Guilherme Mello, secretário de Política Econômica do Ministério da Fazenda -responsável pela revisão nas projeções de PIB e inflação-, afirmou que a política monetária demora um tempo, calculado em 18 meses, para mostrar toda a sua efetividade, mas que já são vistos efeitos principalmente no crédito. O avanço anual nas concessões de empréstimo à pessoa física, por exemplo, beirou 30% em meados de 2024 e caiu para 6,8% em maio.
“[O canal de transmissão] está entupido, mas até que ponto? Acho que a gente tem que esperar mais um pouco para afirmar com convicção que de fato está entupido”, disse.

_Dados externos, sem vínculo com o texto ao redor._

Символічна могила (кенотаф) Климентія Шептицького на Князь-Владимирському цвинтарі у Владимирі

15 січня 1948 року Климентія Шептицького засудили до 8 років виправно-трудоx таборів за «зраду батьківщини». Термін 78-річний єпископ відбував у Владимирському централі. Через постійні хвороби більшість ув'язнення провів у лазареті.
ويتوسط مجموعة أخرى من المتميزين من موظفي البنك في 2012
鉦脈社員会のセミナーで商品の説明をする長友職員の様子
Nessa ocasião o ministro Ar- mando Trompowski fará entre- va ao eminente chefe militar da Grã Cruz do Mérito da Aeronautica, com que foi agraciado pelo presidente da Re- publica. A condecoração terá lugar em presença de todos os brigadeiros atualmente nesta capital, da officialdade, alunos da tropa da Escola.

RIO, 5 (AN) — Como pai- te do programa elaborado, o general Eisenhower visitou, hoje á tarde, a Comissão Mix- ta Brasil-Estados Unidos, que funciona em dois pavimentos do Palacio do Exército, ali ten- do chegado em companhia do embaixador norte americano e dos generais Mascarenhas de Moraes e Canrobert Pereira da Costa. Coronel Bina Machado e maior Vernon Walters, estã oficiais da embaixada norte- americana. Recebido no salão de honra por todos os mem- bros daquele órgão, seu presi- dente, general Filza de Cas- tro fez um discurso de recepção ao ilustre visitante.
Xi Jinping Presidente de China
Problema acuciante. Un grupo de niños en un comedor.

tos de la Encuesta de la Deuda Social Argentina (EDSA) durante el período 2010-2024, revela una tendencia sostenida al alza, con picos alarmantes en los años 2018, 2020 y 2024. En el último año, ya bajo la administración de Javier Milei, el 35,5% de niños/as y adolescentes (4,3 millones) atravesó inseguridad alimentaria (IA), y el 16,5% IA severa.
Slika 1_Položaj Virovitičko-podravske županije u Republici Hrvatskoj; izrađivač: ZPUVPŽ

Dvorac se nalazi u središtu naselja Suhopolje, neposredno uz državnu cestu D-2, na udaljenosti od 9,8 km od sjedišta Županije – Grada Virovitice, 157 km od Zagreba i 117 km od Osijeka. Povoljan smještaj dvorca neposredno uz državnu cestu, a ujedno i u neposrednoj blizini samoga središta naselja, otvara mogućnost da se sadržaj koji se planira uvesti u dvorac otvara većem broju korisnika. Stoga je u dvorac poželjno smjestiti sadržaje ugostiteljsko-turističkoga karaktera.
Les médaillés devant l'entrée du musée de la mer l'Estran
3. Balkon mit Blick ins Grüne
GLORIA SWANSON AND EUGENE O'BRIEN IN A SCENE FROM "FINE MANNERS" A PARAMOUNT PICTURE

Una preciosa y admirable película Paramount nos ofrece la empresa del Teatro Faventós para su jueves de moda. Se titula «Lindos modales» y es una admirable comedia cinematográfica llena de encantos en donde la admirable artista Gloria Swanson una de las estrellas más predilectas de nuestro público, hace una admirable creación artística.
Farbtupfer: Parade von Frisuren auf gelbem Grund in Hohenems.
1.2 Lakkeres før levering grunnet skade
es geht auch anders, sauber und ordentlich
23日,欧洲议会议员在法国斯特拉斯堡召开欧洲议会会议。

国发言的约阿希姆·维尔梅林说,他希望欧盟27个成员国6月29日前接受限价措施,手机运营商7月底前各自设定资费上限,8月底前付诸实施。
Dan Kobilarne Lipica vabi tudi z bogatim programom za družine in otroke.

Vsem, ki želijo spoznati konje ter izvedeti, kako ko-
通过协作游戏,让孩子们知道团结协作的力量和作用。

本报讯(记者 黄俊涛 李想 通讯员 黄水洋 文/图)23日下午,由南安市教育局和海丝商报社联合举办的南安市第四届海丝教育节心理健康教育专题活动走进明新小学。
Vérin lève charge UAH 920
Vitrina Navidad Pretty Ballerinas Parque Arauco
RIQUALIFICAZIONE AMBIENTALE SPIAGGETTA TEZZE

De acordo com o Ministério da Fazenda, as maiores estimativas para o PIB foram geradas principalmente pela previsão de um primeiro trimestre mais forte do que o anteriormente previsto, além de uma maior produção agropecuária ao longo do ano.
A pasta afirma que, após uma aceleração nos primeiros três meses do ano, a atividade tende a se desacelerar e ficar próxima à estabilidade no segundo semestre. No ano, o agronegócio deve ser o setor de maior crescimento, com expansão de 6,3%, enquanto a indústria deve avançar 2,2% e o setor de serviços, 2%.

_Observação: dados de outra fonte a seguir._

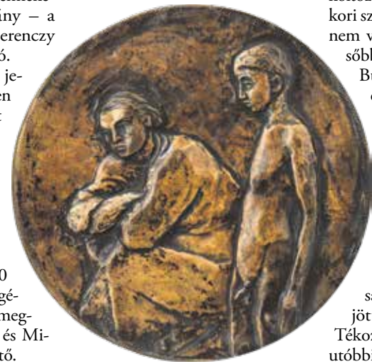
Ferenczy Béni: Anya és fiú (1939)

amellyel a nő szépség előtt tiszteleg, de szerette a torzót is, mert úgy vélte, az is ugyanúgy egész
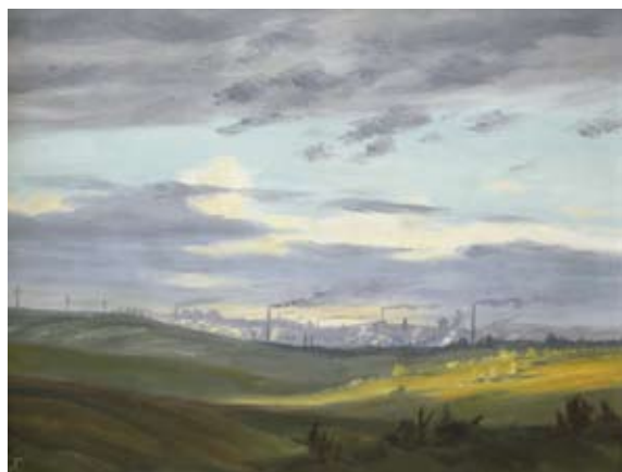
Paul Hugo Türke (1905 – 1982) Hornická krajina – Oelsnitz nedatováno, olej na dřevoláknité desce, 36 x 47 cm
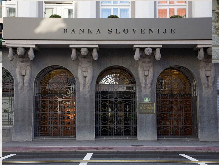
Vhod v stavbo Banke Slovenije
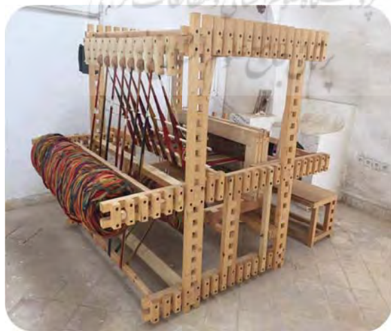
شکل ۳: دستگاه دارایی
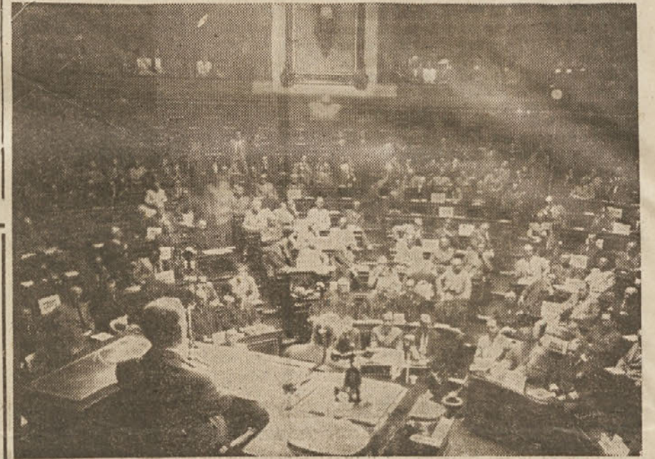
Prizora z zasedanja Združenih narodov: Pogled na plenarno zasedanje 21 držav, zmagovalk v protifašistični vojni.

Razprave in sklepi na mirovni konferenci v Parizu in v organizaciji Združenih narodov so le dokaz, da boj za zmago demokracije ni še končan. Fašizem je bil pobit na bojnem polju. Toda razlogi, ki so dali fašizmu življenje, so še vedno tu in delujejo dalje. Vse to nam priča, da morajo ostati demokratični narodi budno na straži, da se ne smejo zadovoljiti z doseženimi uspehi, da se ne smejo boriti le proti ostankom fašizma, marveč da morajo tudi uniče-
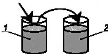
1 — стакан с пробой моторного топлива (промывка); 2 — стакан с пробой моторного топлива (измерение)

5.2.1 Измерительный датчик анализатора устанавливают поочередно в стаканы (рисунок 1), предварительно наполнив их измеряемой пробой.

“Nós acreditamos que a política monetária está em um campo bastante restritivo. E isso tem impactado inclusive a nossa própria projeção para o segundo semestre. Isso quer dizer que a economia vai entrar em crise? Não, mas que vai ter uma desaceleração na segunda parte do ano e isso tem a ver em grande parte com a política monetária”, afirmou.
Para Mello, o entupimento dos canais de transmissão apresenta hoje uma realidade muito diferente da observada há dez anos. Isso teria acontecido principalmente após mudanças nas taxas cobradas pelo BNDES (Banco Nacional de Desenvolvimento Econômico e Social), hoje menos distantes dos patamares cobrados pelo mercado.

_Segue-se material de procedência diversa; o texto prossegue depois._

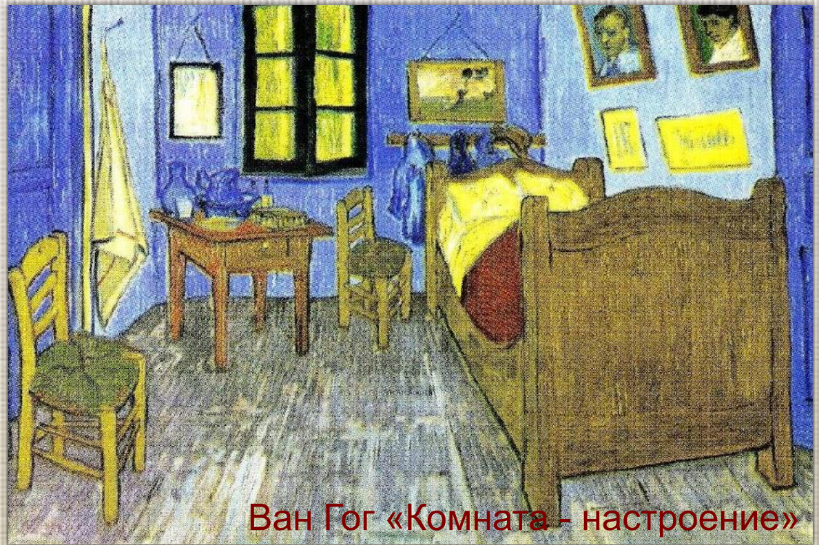
Ван Гог «Комната - настроение»
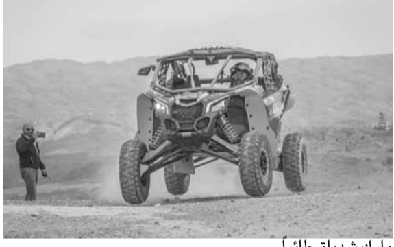
مارك شدياق طائراً
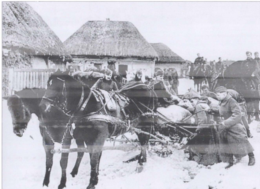
Гитлеровцы вывозят продовольствие, награбленное у местного населения
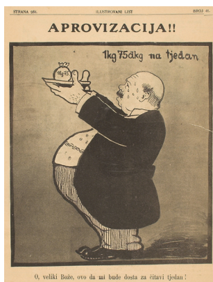
Ilustrovani list, 1915., br.41, str. 984

Opskrba hranom i proizvodima uslijed oskudice i gladi u vrijeme rata postala je od državne važnosti. U Beču je u tu svrhu bio osnovan Ratni žitni zavod te je u cijeloj Monarhiji 1915. proveden popis stanovništva kako bi se evidentirao broj mogućih korisnika kruha. Hrvatski sabor (u banskoj Hrvatskoj) koji se tijekom rata sazivao, također je vodio brigu o opskrbi pučanstva hranom. Posebne komisije provodile su rekviziciju uroda i stoke te propisivale i kontrolirale njihovu preraspodjelu u pojedina područja i gradove. Nestašica namirnicama posebno je pogodila Dalmaciju i Istru u čijim su gradovima uvedene krušne karte, dok se u sjeverozapadnoj Hrvatskoj u nedostatku žita pravio kruh od groždanog tropa. Svemu tome
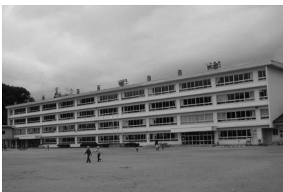
改築が予定されている東小校舎
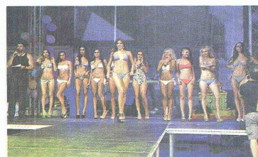
UNA de las presentaciones de la barranquillera en el certamen.

mejor ejercicio cardiovascular. Lo alterna con la práctica del king boxing y un circuito de pesas en su rutina diaria. Además del deporte, la reina colombiana cuida su figura alimentándose sanamente con frutas, verduras carnes blancas, cereales, fibra y un alto consumo de agua mineral. Miss Esthetic Internacional mide 1 m con 80 cm de estatura y sus medidas son 90-62-95.
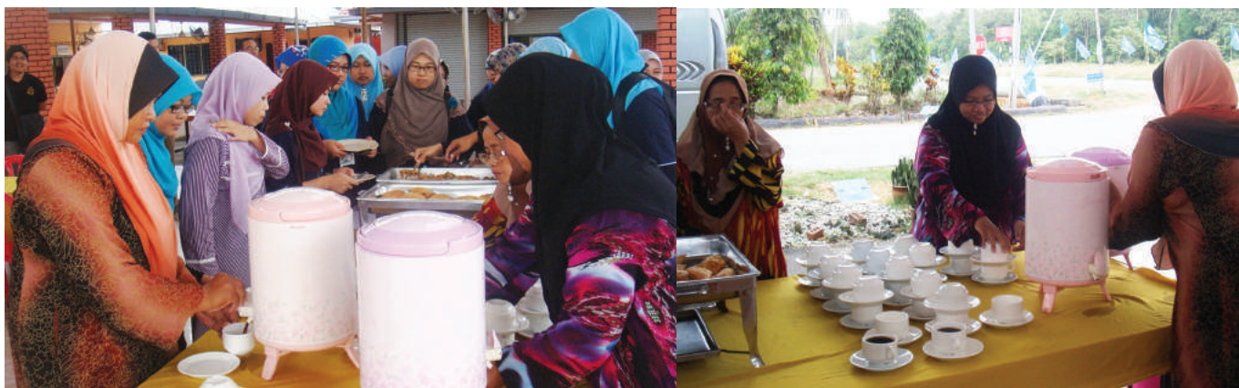
Layanan yang diberikan oleh Anggota Koperasi Homestay
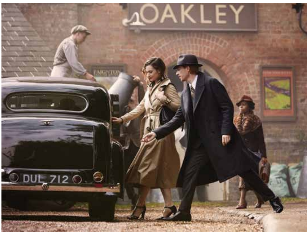
7. კადრი ფილმიდან „ტომას ბერბერის ისტორია“, რეჟისორი აშიფ კაპადია. 2016. SCENE FROM THE FILM THE TALE OF THOMAS BURBERRY , DIRECTED BY ASIF KAPADIA, 2016.
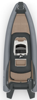
Lomac Adrenalina 7.5 layout
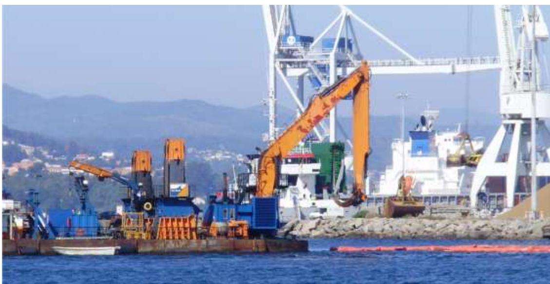
Figura 5. Fotografía da maquinaria utilizada na execución dos recheos no peirao denominado Muelle Leirós o 16 de agosto de 2011.

De todo o argumentado pódese concluír que:
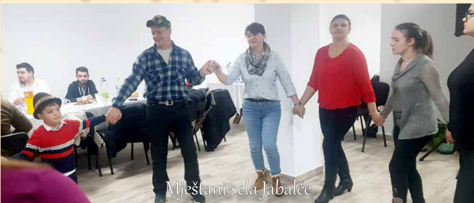
Mještani sela Jabalče
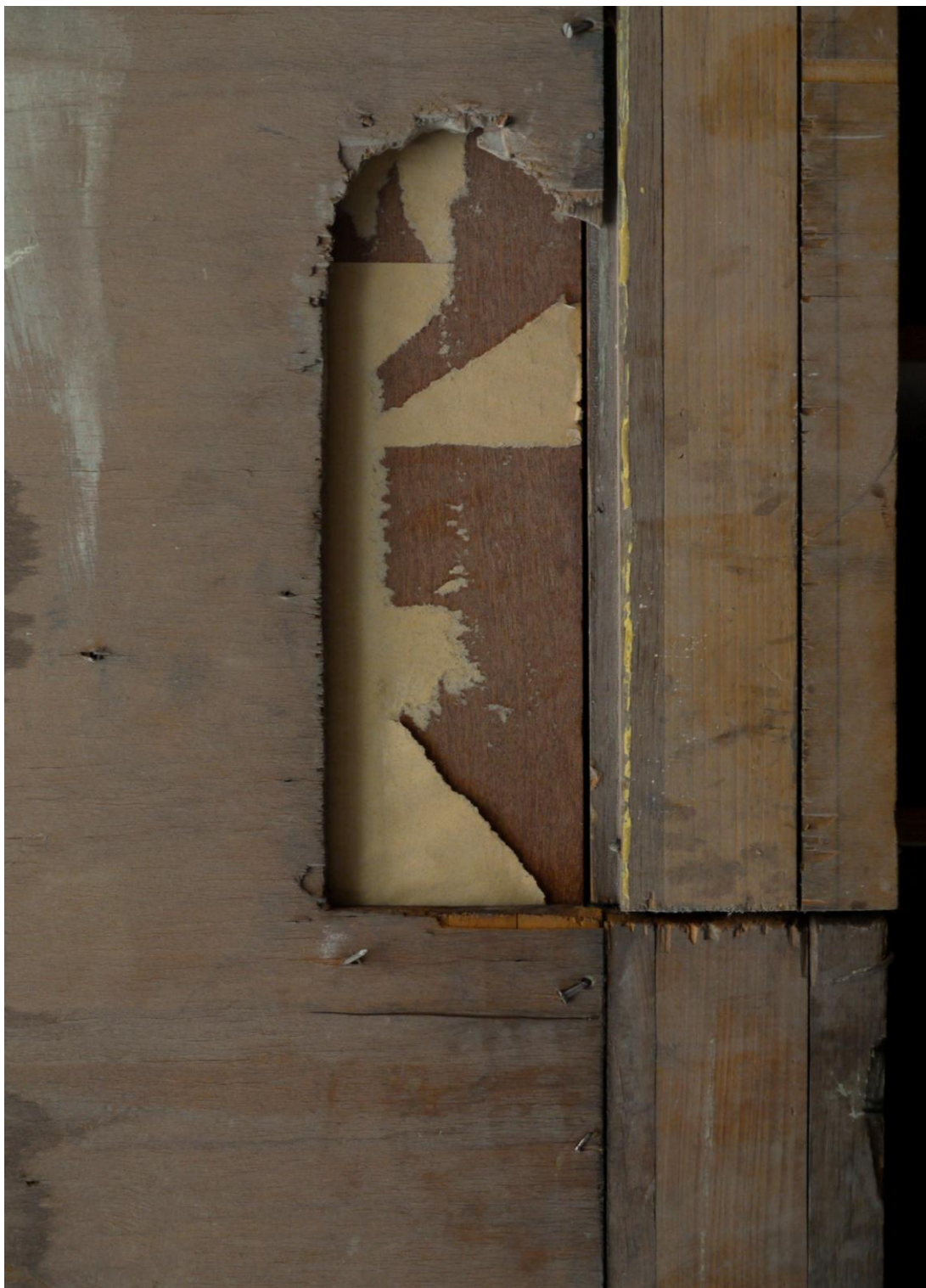
Obr. č. 4. Stav při průzkumu – obklad - detail

Na snímku je zadní strana obložení z východní stěny prostoru 507. Část poškození byla způsobena již v minulosti při úpravách /pravděpodobně/ el. vedení. S tím souvisí i rozdělení intarzované lišty na pravé straně. Toto poškození není nutné při restaurování odstraňovat. Povrch je silně znečištěný. U sejmutých částí by bylo účelné chemické ošetření zadní strany.

“Mas é evidente que ainda resistem alguns problemas para transmissão da política monetária. Não só do ponto de vista do crédito, mas de um ponto de vista que a gente às vezes fala pouco, mas fundamental, que é a indexação”, afirma.
“O Brasil ainda é um país com grau de indexação elevado, uma memória do período inflacionário. Passos foram dados, mas certamente outros passos precisam ser dados daqui para frente”, disse. “E nós estamos totalmente junto com o BC nessa discussão. Ela está muito ligada a contratos e a formas de repasse da inflação do passado para o futuro”, disse.
Enquanto as reformas não são debatidas com mais intensidade, o Ministério da Fazenda vê no curto e médio prazo notícias que podem ser positivas para a inflação. A imposição de tarifas comerciais por grandes economias pode se tornar um alívio para preços na América Latina, devido ao excesso temporário de produção de bens na China, à queda nas cotações de commodities e ao enfraquecimento do dólar.
O economista Alexandre Chaia, professor do Insper, afirma que é uma questão de tempo para alguns indicadores, como o do mercado de trabalho, mostrarem maior retração. Para ele, a discussão sobre a potência da Selic na economia também está ligada à ausência de medidas por parte de governo e Congresso para se enfrentar o nível das despesas.
“O governo está dificultando a política monetária. Porque, com o incentivo ao consumo, com dinheiro para consignado privado, com emendas, ele incentiva o gasto em ano pré-eleitoral”, afirma. “A política monetária não está sendo [completamente] efetiva para reduzir as tendências de inflação, mas sei que ela está reduzindo. Então tem um efeito da política monetária, mas ela vai ser mais lenta porque o governo não está ajudando”, afirma.